First of all, is her hair matted? Can you easily comb through it all the way to her skin? Why did they muzzle her? Did she try to bite? Does she thrash around when they get the clippers or scissors near her face? 

I think the biggest issue is her comfort, not making her afraid, and the safety of the groomer. 

How long has it been since she has been groomed and how old is she? 

When we groom dogs we are working with very sharp instruments. If the dogs is extremely afraid and/or thrashes and fights, it is very easy to cut the dog, which will make the dog even more afraid next time. 

You would really need to consider a lot of things before taking on a difficult clip that is time consuming. I might choose a simple kennel cut and do it more often if she tries to bite or is afraid.


----------



## ItzaClip (Dec 1, 2010)

You need to find a groomer that does one on one, and is familiar with shy dogs. The key to shy dogs is time and relationship. We don't expect to drop off kids with compete strangers they've never met without stress, why our dogs? Best tip for shy dogs is to go meet groomer (I let dog run and sniff on floor in groom room while I chat with owner) and do small easy service like bath tidy. Clean face is more invasive if they never had done, but bonus if they don't like dryer then they don't have to get face dried.

Sent from Petguide.com Free App


----------



## Karlojean (Aug 26, 2013)

No, she's not matted. They told me they muzzled her because " She was acting weird" whatever that means, i didn't ask. But they told me that she was fine. But I did notice that her paw was bleeding when she got home, so I think they cut her and didn't notice. She's 4 years old, but she had never been groomed before until we adopted her. She was last groomed about 2 months ago. Ive been trimming the hair around her eyes and stuff but its definitely time for her to get a professional grooming. Whenever I brush her she seems to love it and she'll even fall asleep in my lap. But she has snapped at the vet once when he was messing with her ears, so she acts differently with strangers. 
Do you think it would be okay if I asked the groomer to try to do a miami cut, but if she felt like Macie was scared or uncomfortable then to just stop and do a kennel cut?
The first time I took her to Petsmarts to get groomed,but this time Im taking her to a groomer that was recommended by the humane society, so she has experience working with difficult dogs.


----------



## N2Mischief (Dec 3, 2012)

itzaclip is way more knowledgeable than I. I worked at groom shops, first as a bather, then started to train to groom, then became office manager. I got to check in and out the dogs, discuss cuts, and hand them back when they were through  Besides request dogs, I stayed up front at the desk. 

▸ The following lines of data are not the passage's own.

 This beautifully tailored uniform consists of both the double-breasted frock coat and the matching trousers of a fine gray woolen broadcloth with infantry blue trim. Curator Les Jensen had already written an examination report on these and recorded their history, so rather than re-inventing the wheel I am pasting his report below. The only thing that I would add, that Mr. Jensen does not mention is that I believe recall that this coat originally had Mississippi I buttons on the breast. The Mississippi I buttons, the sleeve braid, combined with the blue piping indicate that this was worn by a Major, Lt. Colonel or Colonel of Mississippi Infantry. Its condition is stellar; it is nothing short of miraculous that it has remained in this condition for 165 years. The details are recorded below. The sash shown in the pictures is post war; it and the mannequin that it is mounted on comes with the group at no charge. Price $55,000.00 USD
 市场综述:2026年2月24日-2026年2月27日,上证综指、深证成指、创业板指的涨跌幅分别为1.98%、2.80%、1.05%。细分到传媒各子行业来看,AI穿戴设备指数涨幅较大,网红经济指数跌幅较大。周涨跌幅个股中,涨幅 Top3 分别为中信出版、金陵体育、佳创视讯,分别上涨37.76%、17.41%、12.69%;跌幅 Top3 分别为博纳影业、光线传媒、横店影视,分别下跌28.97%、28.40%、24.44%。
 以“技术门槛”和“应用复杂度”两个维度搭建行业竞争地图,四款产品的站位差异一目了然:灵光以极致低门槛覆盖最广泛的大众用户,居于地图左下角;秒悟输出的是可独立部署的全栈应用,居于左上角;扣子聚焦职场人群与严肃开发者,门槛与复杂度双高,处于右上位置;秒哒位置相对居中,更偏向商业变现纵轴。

I do think it is so important to find someone who you go back to each time, and especially that you can trust. A good groomer will be able to watch your pup and decide if a complicated clip will work or if she needs more work first. I would let them know she has snapped in the past so they can be extra careful.

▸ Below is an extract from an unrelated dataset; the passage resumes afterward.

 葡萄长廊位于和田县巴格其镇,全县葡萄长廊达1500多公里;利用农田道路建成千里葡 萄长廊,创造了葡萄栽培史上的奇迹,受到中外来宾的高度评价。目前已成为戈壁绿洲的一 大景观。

Take before and after pictures!


----------



## natasha's mom (Aug 20, 2013)

As a groomer I have groomed difficult dogs. If I were grooming her I would place her on the table and turn on my clippers without a blade and run them over her to see how she reacts and to get her used to them. I use 5 speed clippers so I can run them on a really low speed at first. Depending on her reaction I would then make suggestions as to what kind of cut she would be able to handle. I groom dogs that no one else in our salon will touch because they are too "aggressive" and are too difficult for some personalities to deal with. You need a groomer that will sit on the floor and let your baby approach on her own and has a calm demeanor when it is called for. When a dog has a bad experience that remember that forever and when they have a pleasant experience they start to enjoy grooming time. Where I work (PetSmart) we DO NOT muzzle mini or toy poodles ever!!! There are ways to get around any biting behavior. I groom a toy poodle who has to kill the comb before I can groom her. Once she kills it I can trim her topknot with no problems. Sorry I get carried away when I hear about dogs having a bad experience with grooming. I believe that you need to be nice to all fur babies no matter what. They are like children, they just need a little love and patience. I love my job and all my "bad" babies who come to see me. They bring me lots of joy and I would be devastated if anything I did hurt them or scared them. People trust us to take care of their babies and it is a shame when a groomer causes a dog to be fearful. Please find a groomer who will be calm and sweet with your baby and stay with that person. Soon she will love to see her groomer if they have a good and trusting bond. 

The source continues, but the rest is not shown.